Padahal teknologi hari ini bisa menyajikan satu struktur yang sederhana, jauh
lebih murah dan mudah dioperasikan. Buktinya, Onno menyatakan ia bisa
tersambung dengan internet tanpa meenggunakan jaringan milik PT Telkom dan
tanpa keterhubungan dari ISP (internet service provider).
Konsekuensinya, struktur industri yang dibangun dengan melandaskan pada UU
No 36/1999 tersebut juga turut hancur. "Ringkasnya, kebijakan dan regulasi yang
dibangun saat ini lebih berpihak pada mereka yang mempunyai uang," tegas
Onno.
Sementara itu, Ahmad Muqawam, Ketua Subkomisi Bidang Telekomunikasi,
mempersoalkan RUPS luar biasa PT Telkom beberapa waktu lalu. Beberapa hal
yang seharusnya menjadi tanggung jawab pemerintah kemudian dialihkan
kepada PT Telkom.
Muqawam menilai, turunnya saham PT Telkom di pasar bursa merupakan satu
fakta bahwa terjadi mismanajemen. "Untuk itu, DPR mencoba mencari solusi
terbaik bagi pemerintah untuk mengelola PT Telkom," kata Muqawam. 
Bak buah simalakama
Peristiwa beberapa waktu lalu yang cukup menggemparkan adalah masih
kentalnya intervensi pemerintah terhadap industri telekomunikasi. Kebijakan
yang dikeluarkan oleh pemerintah bak buah simalakama. Di satu sisi, pemerintah
lebih bertindak sebagai regulator. Namun di sisi lain, pemerintah bertindak
sebagai operator.
Hal tersebut disampaikan oleh Edmon Makarim, akademisi dari FHUI, yang
diminta pendapatnya oleh DPR terkait dengan industri telekomunikasi.

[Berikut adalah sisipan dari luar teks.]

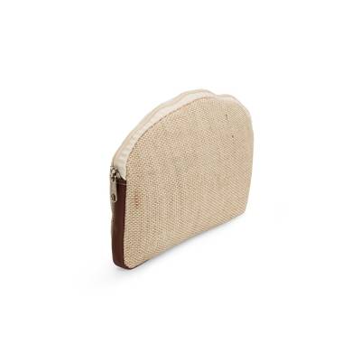 Nécessaire confeccionado em juta com fechamento em zíper e detalhes laterais em bidim.

Menurutnya, kebijakan telekomunikasi saat ini belum menempatkan undang-
undang tersebut sebagai payung dari teknologinya.
Teknologi masih mejadi satu-satunya tujuan dalam pengembangan industri ini.
Padahal dalam perkembangannya, setiap orang bisa menajdi penyelengagra
jasa dan penyelenggara jaringan.  "Jujur saja, PT Telkom dan PT Indosat sudah
begitu tambun. Manajemen bisnisnya lebih diarahkan pada persoalan investasi
daripada pengembangan industrinya," kata Edmon.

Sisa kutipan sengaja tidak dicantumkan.